Teya opens her eyes and turns her head to face Isi. She skims her fingertips across Isi’s skin, following the line of her arm to her shoulder, then her collarbone, then to the thin, single-link hoviren chain on which a coin of skyglass is strung. Teya takes the coin between her fingers, watching as the glass brightens from space-black to azure. She remembers it: the old magic and how Isi wielded it so many lifetimes ago, reborn each time with her like a breath upon an ember.
“We live,” Isi whispers. Her chest aches. “The stars have seen it.”
Once a diviner, always a diviner. Teya returns the coin to Isi, pressing it against her skin, where it darkens to a star-speckled black. “I want you to be right.”

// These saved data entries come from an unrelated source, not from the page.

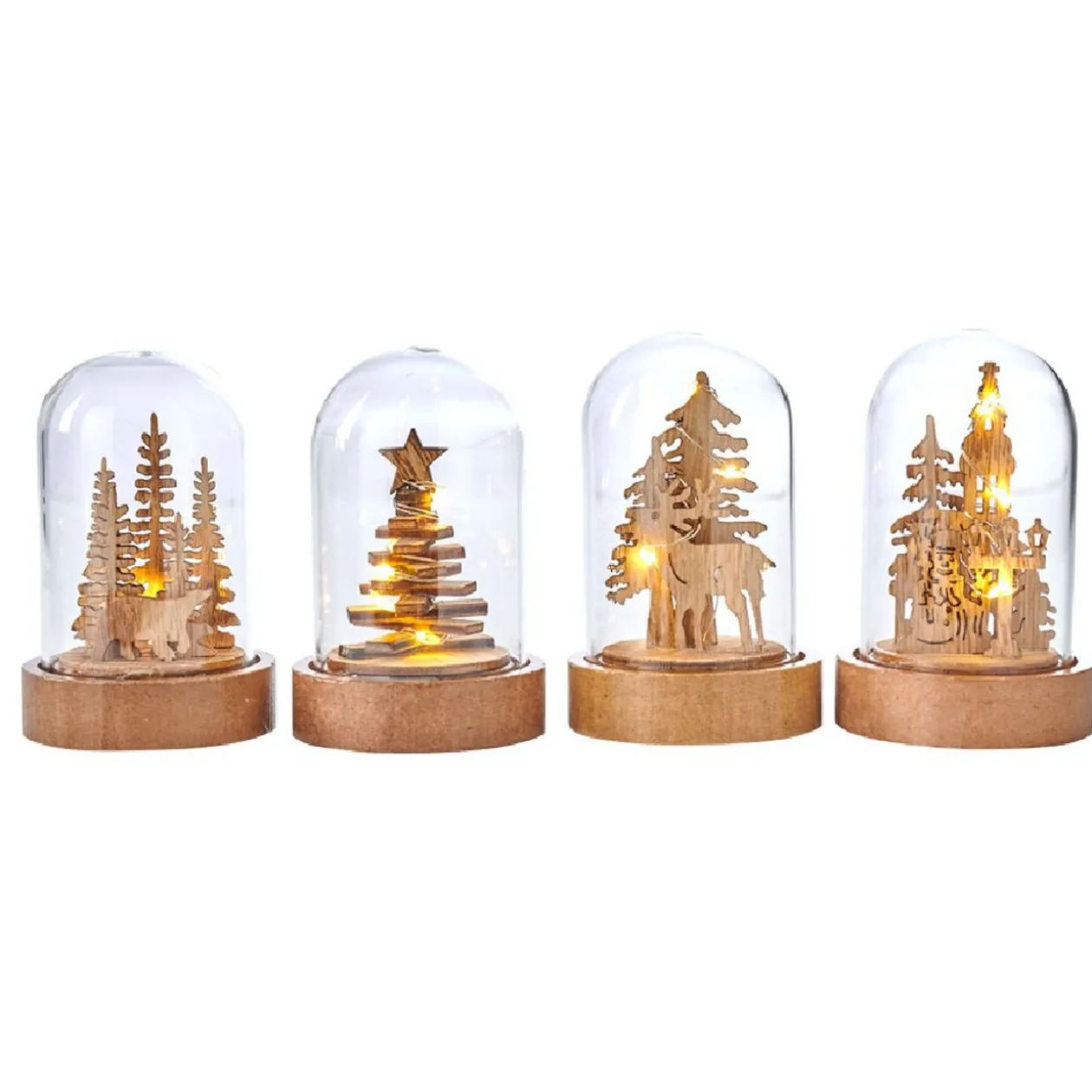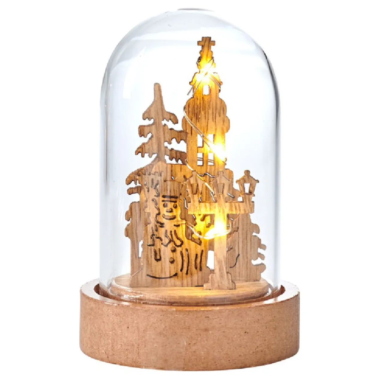 Cette décoration sous cloche est l’objet déco idéal pour instiller la magie de Noël dans votre intérieur. Fabriquée en plastique transparent, elle renferme une figurine au thème de Noël, illuminée par 3 à 10 LED selon le modèle. Elle est dotée d’un design simple que vous pouvez accessoiriser avec une déco scandinave, moderne ou vintage. Cette déco sous cloche est facile à poser grâce à sa base en bois.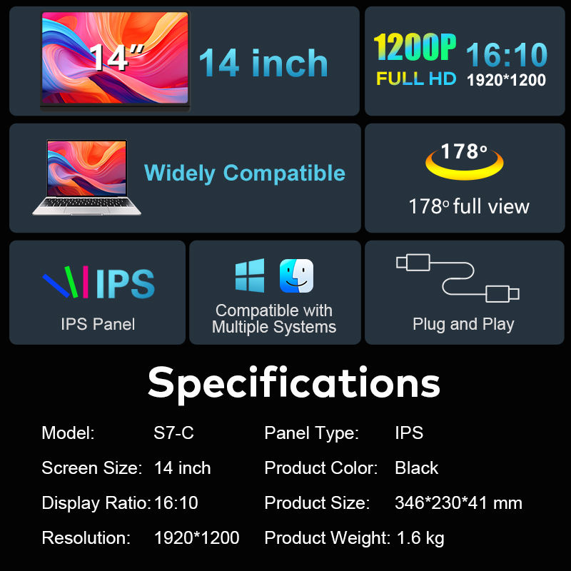 ขายดีในเมอร์คาโด จอภาพพกพาคู่ขนาด 14 นิ้ว ความละเอียด 1920*1080P ราคาสุดคุ้ม พร้อมหน้าจอคู่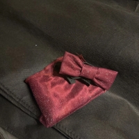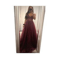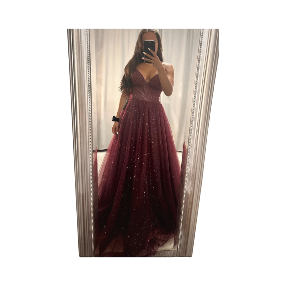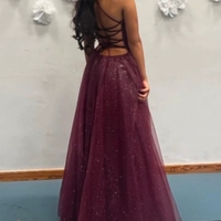 Pitkä glittersatiininen juhlapuku, avonainen ja nauhallinen selkäosa. Mukana myös parille taskukangas ja rusetti.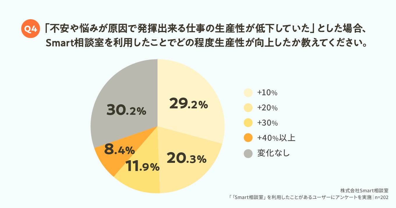 Smart相談室の利用経験がある方に対して、「『不安や悩みが原因で発揮出来る仕事の生産性が低下していた』とした場合、Smart相談室を利用したことでどの程度生産性が向上したか」について調査したところ、約7割の方が10%以上生産性が向上したと回答しました。8%の方は、Smart相談室の利用によって生産性が1.4倍になったと回答しており、悩みや不安を相談することで個人の生産性が大きく向上するケースもあると考えられます。個人の生産性向上は組織の生産性向上につながるため、従業員の不安や悩みに対処していくことが、企業にとっても重要と言えるでしょう。

Isi threads her fingers through Teya’s, squeezing hard enough for it to hurt, bone meeting bone. “The sun is almost above the horizon. If we don’t get a call in the next five minutes . . .” She doesn’t have to finish the sentence. Teya already knows: Peace will have been brokered. Teya won’t be called to the front lines to be a hammer for Onorria. Isi won’t become the Farundian anvil Teya will strike over and over and over again until they’re both ruined and left to try again in the next life. Until they lie beside each other, much like the way they are now, eyes locked on eyes, watching the other’s life gutter and fade.
“Five minutes.” Teya doesn’t disguise the hope in her voice. She brings her hand, still entwined with Isi’s, to her lips, and kisses their knuckles. “Watch the sun rise with me.”
As they did thousands of years ago at the turn of the new year, sitting in the doorway of their tent while the river of stars that swept away the Cloud grew thick and drew the Mare, her head tossing, toward the heavens. As they have done in all their lifetimes since, each time waiting for the signal that spells their mutual doom.
“Do you remember that one time . . . ?” Isi concentrates, and the star map caught in the skyglass coin brightens.
“I remember every time.” It’s their fate to know, before the end, who they are. To find each other right before the last of the sand falls through the hourglass. So many lifetimes together, and yet the time they’ve spent in full understanding of who and what they are would total only one. Teya is so tired of the cycle. Isi is too.
“Four minutes,” Isi whispers, then kisses Teya. “We should go back to the Holy Pillars.”
“Oh, that time,” Teya replies, smiling. Dimples appear in her cheeks. The light in the room strengthens. Normally, at the turn of the year, there would be a gathering at the Holy Pillars, but this year, both their countries are on edge, and the festivities have been muted. “That was wonderful.”
Isi kisses Teya again, the shyness that she so often displays in front of others disappearing completely. Three minutes, Teya thinks, kissing Isi back. If they must die, then Teya’s going to do something she’ll never regret.